Start of Block
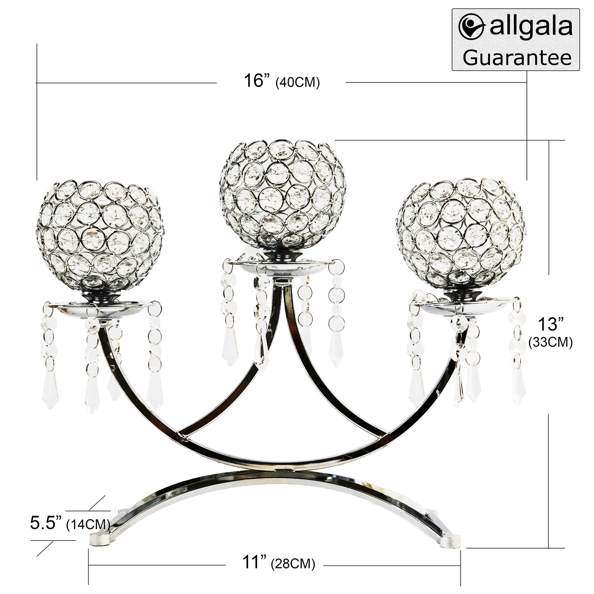 Allgala Candle Holder 3-Arm Bowls Tea-light Votive Crystal Candelabra
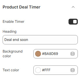 The Product Deal Timer Settings allow you to enable and customize a countdown timer for time-sensitive deals and promotions.
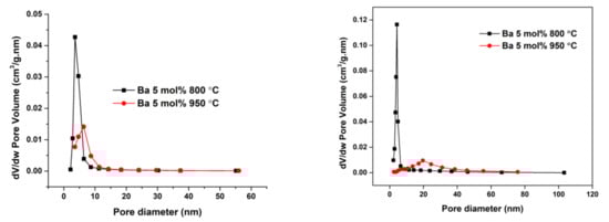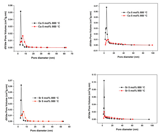 Surprisingly, the PSD width does not depend neither on the synthetic procedure nor on the annealing temperature. The determined average pore diameter in the mesopore region is approximately 3.0–5.5 nm. The PSD results obtained for the mixed metal oxides containing Ca, Sr, and Ba are shown in Figure 15.
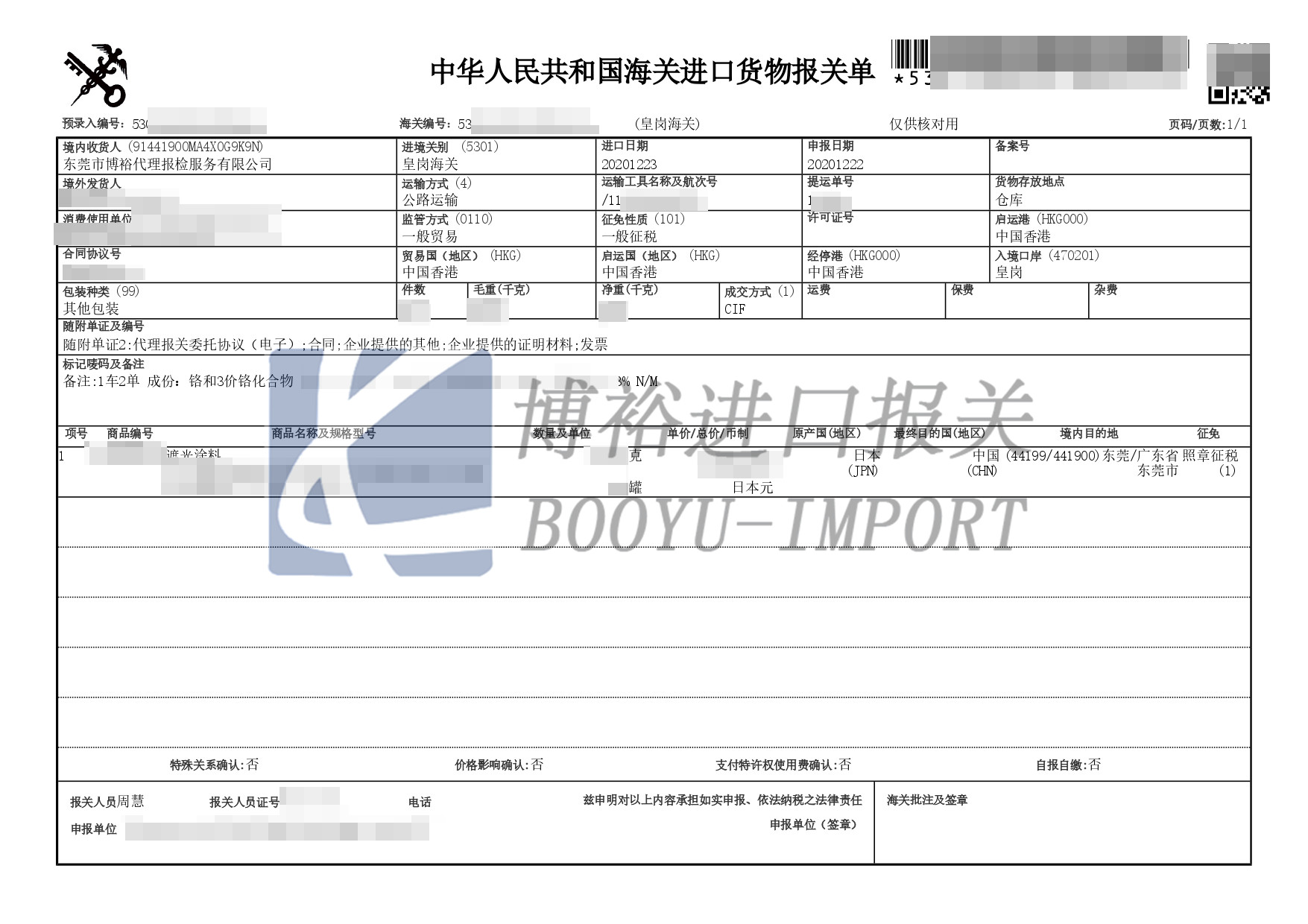 6、《進口油漆涂料存案書》僅限于遮光涂料進口報檢時運用,已存案的《進口涂料存案書》對各入境口岸均有用。進口涂料報檢時,已存案的應一起提交《進口涂料存案書》,口岸查驗檢疫組織采取核對貨證、檢查查驗的方法;
End of Block
- _Exercise brief_: The expected output is an exact retyping of the lines from the line with "Surprisingly, the PSD" through the last line of the data, with both ends kept and the pictures dropped.

- _Answer to this problem_:
 Surprisingly, the PSD width does not depend neither on the synthetic procedure nor on the annealing temperature. The determined average pore diameter in the mesopore region is approximately 3.0–5.5 nm. The PSD results obtained for the mixed metal oxides containing Ca, Sr, and Ba are shown in Figure 15.
 6、《進口油漆涂料存案書》僅限于遮光涂料進口報檢時運用,已存案的《進口涂料存案書》對各入境口岸均有用。進口涂料報檢時,已存案的應一起提交《進口涂料存案書》,口岸查驗檢疫組織采取核對貨證、檢查查驗的方法;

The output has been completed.